Into the Clinical Trial Phase
In the NRT category, RespiRx will compete with FDA-approved nicotine inhalers such as Nicorette, which is available without a prescription. Quigley believes RespiRx will prove to be a more effective solution.
“The Nicorette inhaler delivers large droplets containing nicotine into the patient’s mouth,” he says. “This results in buccal absorption, so it’s not an inhaled delivery mechanism despite its name, which limits the ability of the drug to rapidly and effectively alleviate withdrawal symptoms, where our device delivers an aerosol with particle dynamics that deliver the drug to the lung, which will result in more immediate drug delivery and improved ability to alleviate withdrawals. Also, the inhaler has a very harsh and bitter taste, which limits adoption, whereas our formulation does not have these unpleasant effects.”
Making smoking cessation medication—or novel nicotine-delivery products for that matter—permanently acceptable for smokers continues to be a challenge. Quigley says RespiRx’s formulation has no flavor. Since the product’s target audience is looking to ultimately stop consuming tobacco products altogether, they want an experience that is different from that offered by existing alternatives and one that helps them move away from smoking over the 12-week user regimen.
In October 2022, Qnovia raised $17 million to help RespiRx through the FDA’s Investigational New Drug Application process. “Once we submit our IND, we will execute phase I, II and III studies with FDA guidance; however, the study design, powering and endpoints are all already very clearly defined,” says Quigley.

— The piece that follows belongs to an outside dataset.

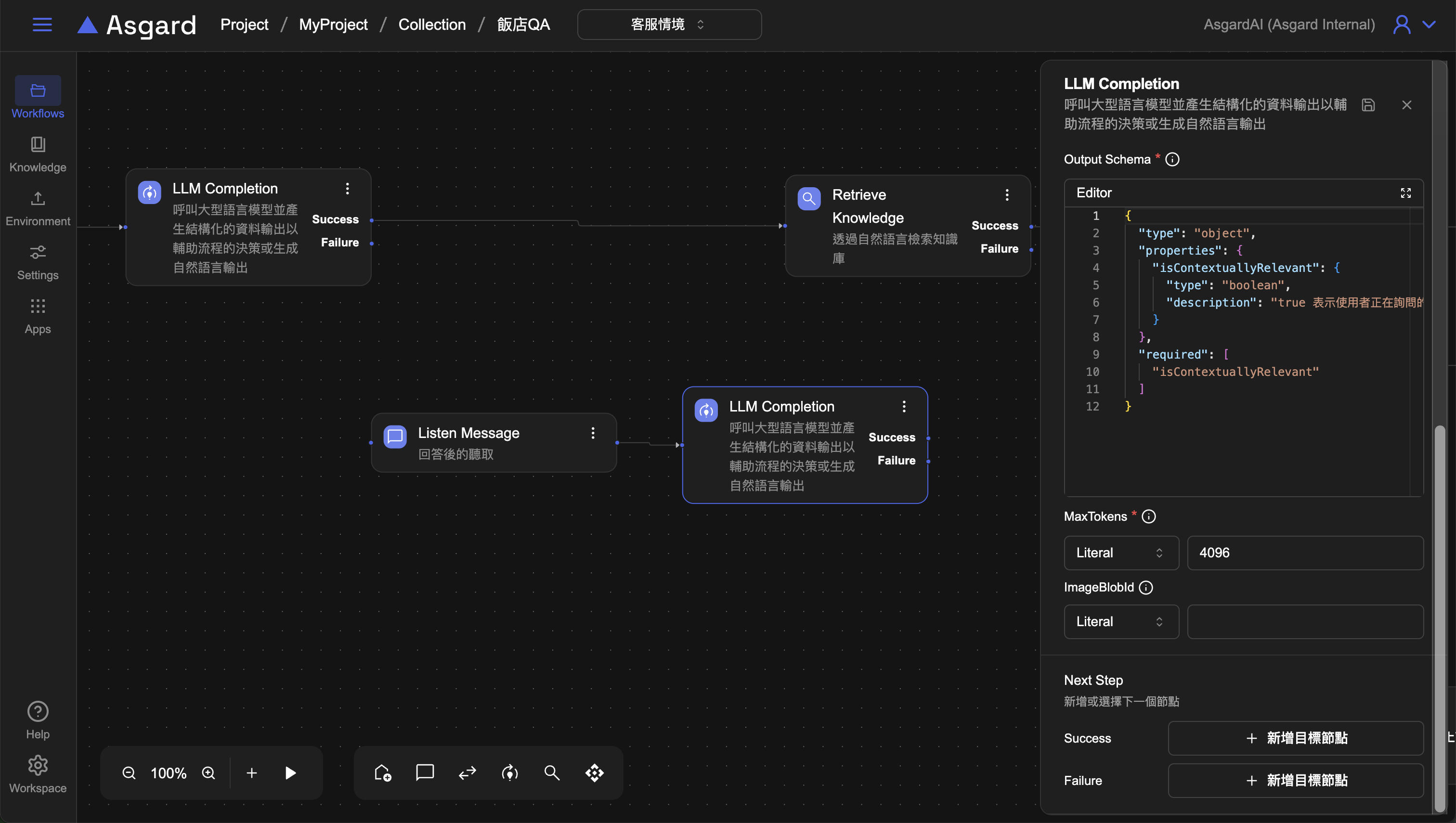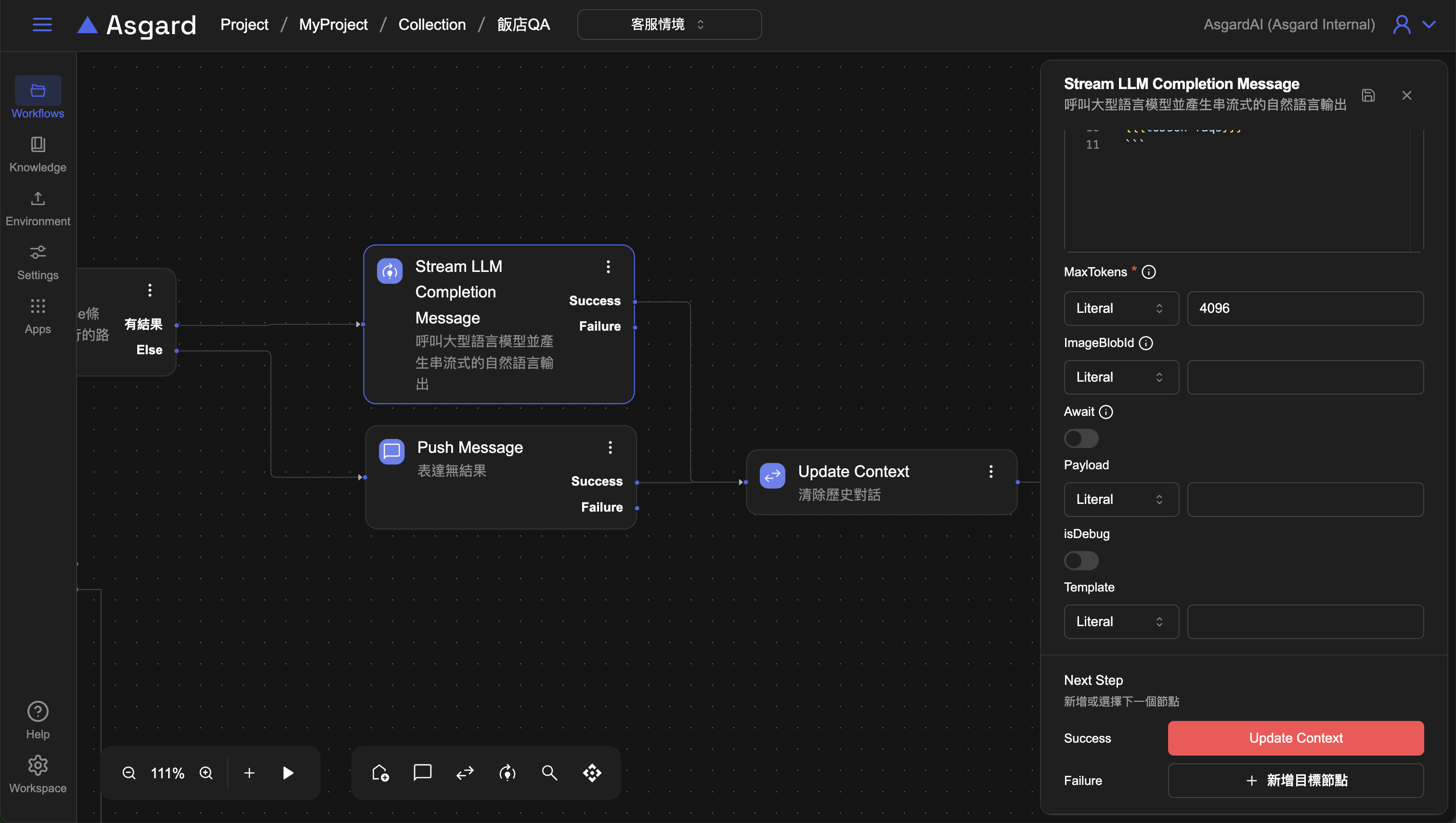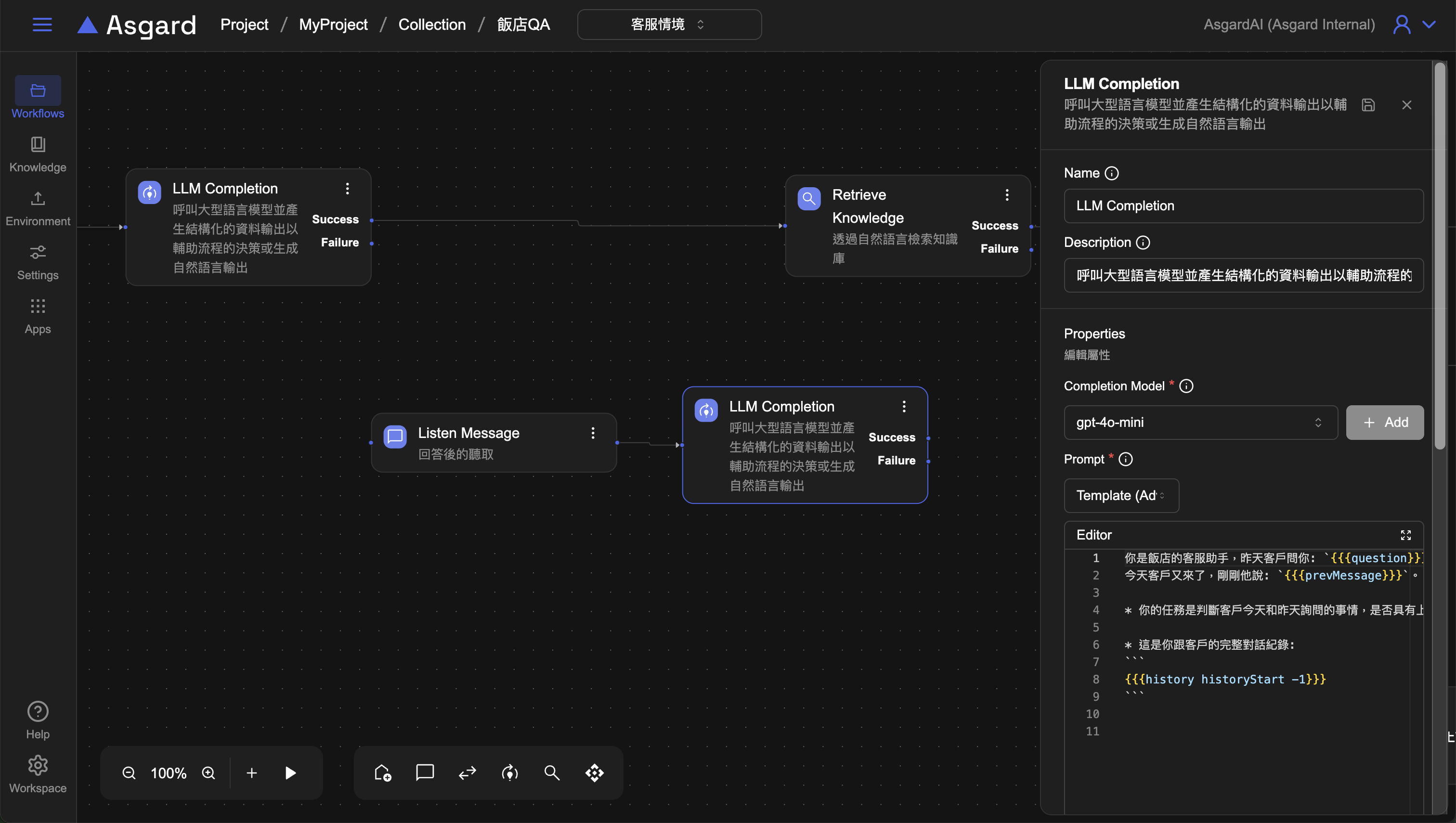 history為 Asgard 內建函數,historyStart 為步驟 2 時在 Update Context 裡所新增的變數,-1 是指算到上一個對話為止,因此這裡是在告訴 LLM 用戶的歷史對話紀錄是從 historyStart 到上一個對話,也就是上一步的 Listen Message 用戶輸入的問題。prevMessage也是 Asgard 內建函數,即為前一個對話。

The company plans to submit its final new drug application to the FDA in 2025. Approval is likely to come faster than for new tobacco products going through the FDA’s premarket tobacco product application process. “At the appropriate time, we expect to also request breakthrough and accelerated review status, which are established programs to facilitate the submission, review and final decisions for drugs,” says Quigley. “Largely, I believe CDER does a very good job hitting its timing performance requirements, and the burden of proof we have to demonstrate is clear and well defined. For all these reasons, I believe we have a significant advantage engaging with CDER despite the cost and time we invest in generating strong data for the agency.”
Instead of marketing RespiRx as an over-the-counter product, Qnovia has chosen to pursue prescription-only status. “We believe that it is important to ensure that this therapy is only used as intended, and we want to be sure to not have abuse liability concerns. Given the design of the pharmacokinetic profile and the delivery of nicotine via inhalation, we strongly believe that a prescription path is important to ensure appropriate use under the care of a physician.”